*About this task*
Your output should match the listing below word for word, without any images.

*Data*
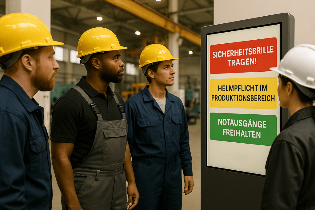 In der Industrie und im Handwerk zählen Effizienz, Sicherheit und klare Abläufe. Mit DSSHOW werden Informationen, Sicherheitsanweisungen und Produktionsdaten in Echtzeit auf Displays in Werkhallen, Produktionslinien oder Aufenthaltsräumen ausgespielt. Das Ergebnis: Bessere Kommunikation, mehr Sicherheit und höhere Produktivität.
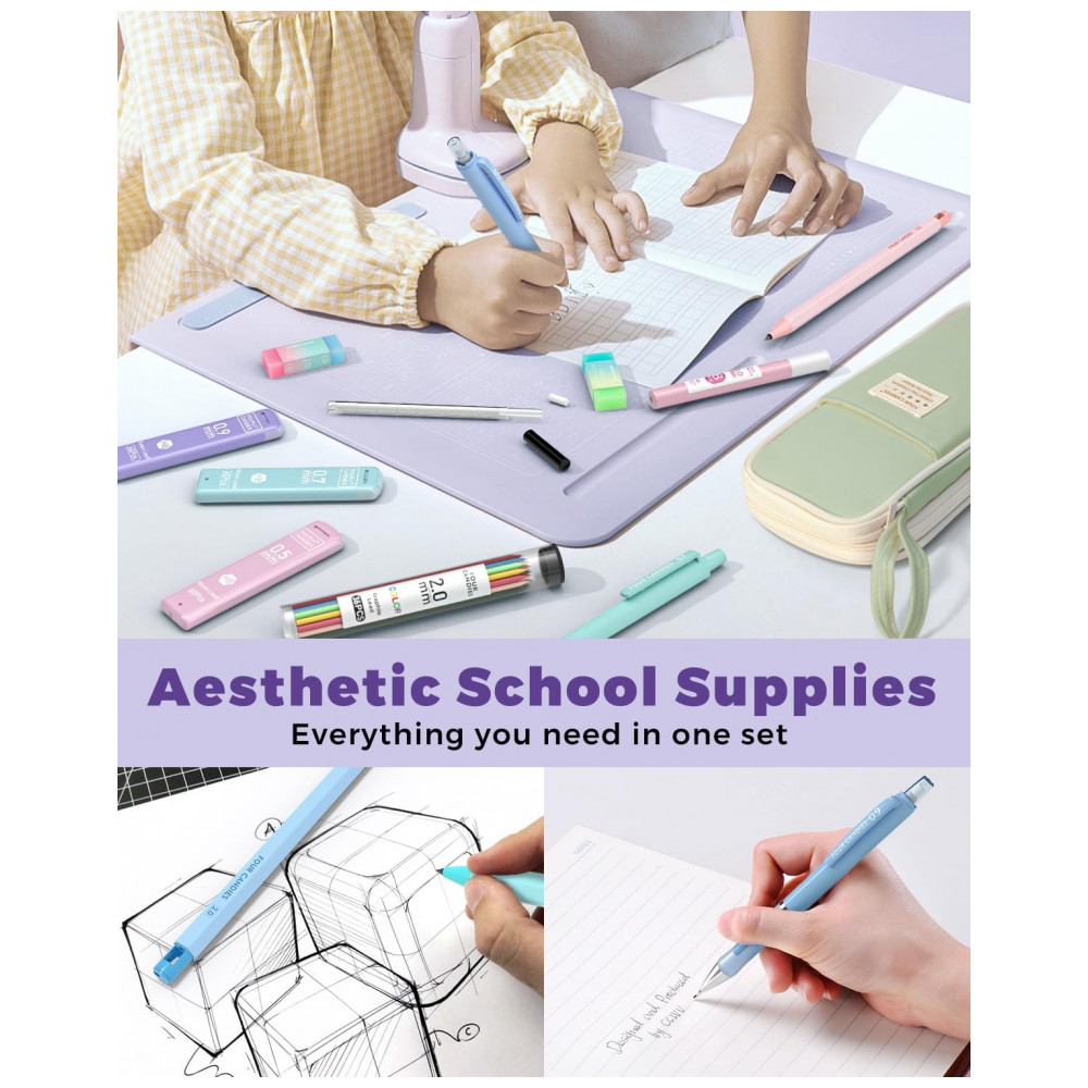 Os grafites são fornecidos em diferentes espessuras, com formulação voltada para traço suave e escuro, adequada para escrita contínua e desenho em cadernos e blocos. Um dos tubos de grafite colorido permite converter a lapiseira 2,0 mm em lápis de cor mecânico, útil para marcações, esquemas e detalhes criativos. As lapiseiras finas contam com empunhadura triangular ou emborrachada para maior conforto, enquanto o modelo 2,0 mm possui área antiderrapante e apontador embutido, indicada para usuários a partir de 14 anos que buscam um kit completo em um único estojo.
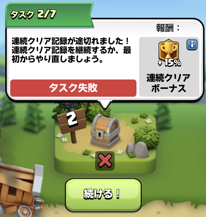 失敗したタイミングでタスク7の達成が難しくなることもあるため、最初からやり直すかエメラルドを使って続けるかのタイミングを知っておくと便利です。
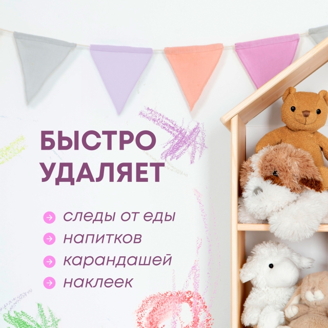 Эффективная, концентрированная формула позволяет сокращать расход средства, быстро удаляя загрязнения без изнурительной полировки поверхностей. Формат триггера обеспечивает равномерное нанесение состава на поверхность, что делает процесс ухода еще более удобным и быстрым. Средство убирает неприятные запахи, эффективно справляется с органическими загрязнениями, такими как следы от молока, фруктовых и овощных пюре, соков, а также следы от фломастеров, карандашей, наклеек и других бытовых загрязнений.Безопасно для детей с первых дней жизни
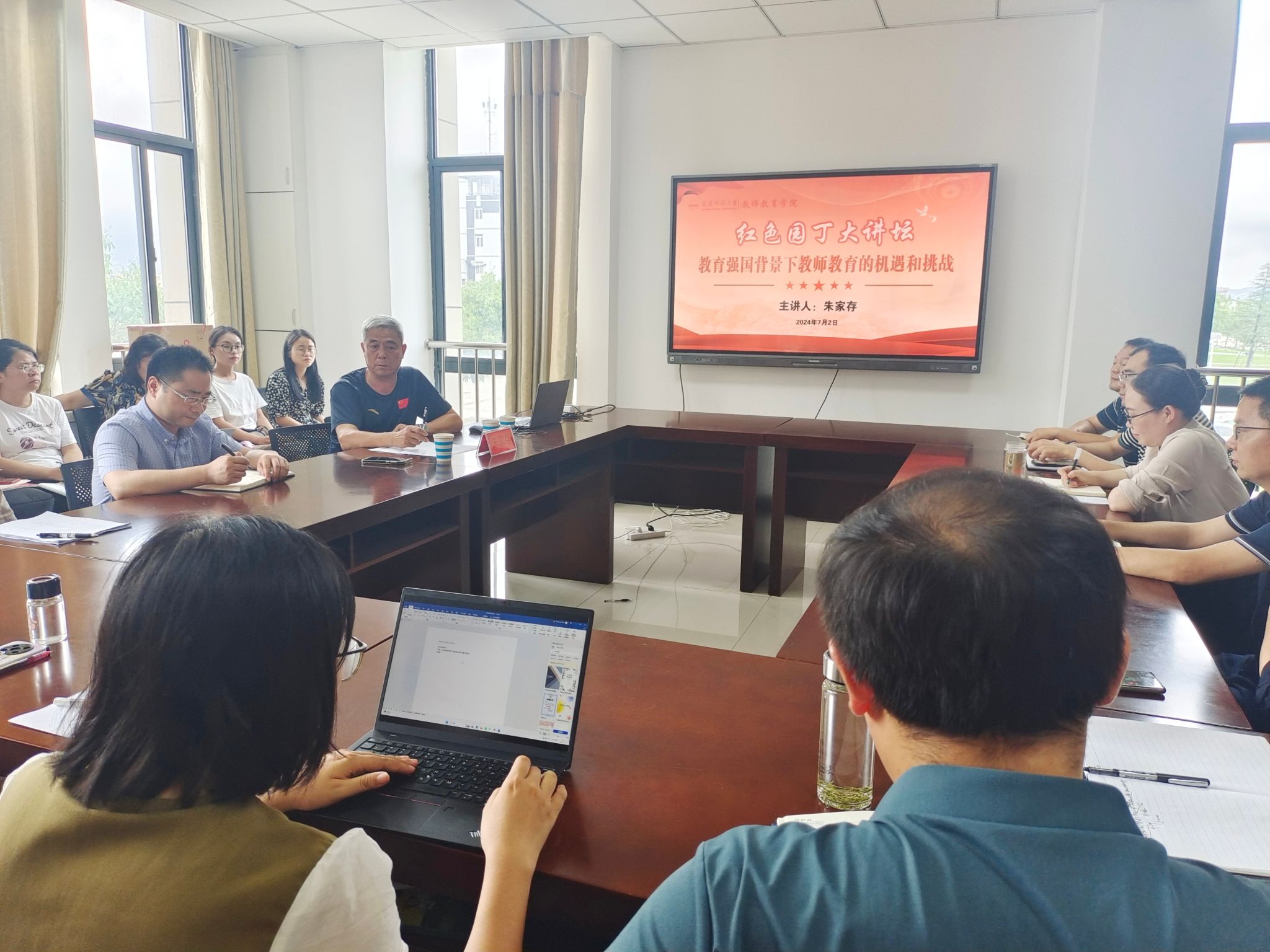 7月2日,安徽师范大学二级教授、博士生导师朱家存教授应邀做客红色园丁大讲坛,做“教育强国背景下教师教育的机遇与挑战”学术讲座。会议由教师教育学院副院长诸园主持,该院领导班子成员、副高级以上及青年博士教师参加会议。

*Task response*
 In der Industrie und im Handwerk zählen Effizienz, Sicherheit und klare Abläufe. Mit DSSHOW werden Informationen, Sicherheitsanweisungen und Produktionsdaten in Echtzeit auf Displays in Werkhallen, Produktionslinien oder Aufenthaltsräumen ausgespielt. Das Ergebnis: Bessere Kommunikation, mehr Sicherheit und höhere Produktivität.
 Os grafites são fornecidos em diferentes espessuras, com formulação voltada para traço suave e escuro, adequada para escrita contínua e desenho em cadernos e blocos. Um dos tubos de grafite colorido permite converter a lapiseira 2,0 mm em lápis de cor mecânico, útil para marcações, esquemas e detalhes criativos. As lapiseiras finas contam com empunhadura triangular ou emborrachada para maior conforto, enquanto o modelo 2,0 mm possui área antiderrapante e apontador embutido, indicada para usuários a partir de 14 anos que buscam um kit completo em um único estojo.
 失敗したタイミングでタスク7の達成が難しくなることもあるため、最初からやり直すかエメラルドを使って続けるかのタイミングを知っておくと便利です。
 Эффективная, концентрированная формула позволяет сокращать расход средства, быстро удаляя загрязнения без изнурительной полировки поверхностей. Формат триггера обеспечивает равномерное нанесение состава на поверхность, что делает процесс ухода еще более удобным и быстрым. Средство убирает неприятные запахи, эффективно справляется с органическими загрязнениями, такими как следы от молока, фруктовых и овощных пюре, соков, а также следы от фломастеров, карандашей, наклеек и других бытовых загрязнений.Безопасно для детей с первых дней жизни
 7月2日,安徽师范大学二级教授、博士生导师朱家存教授应邀做客红色园丁大讲坛,做“教育强国背景下教师教育的机遇与挑战”学术讲座。会议由教师教育学院副院长诸园主持,该院领导班子成员、副高级以上及青年博士教师参加会议。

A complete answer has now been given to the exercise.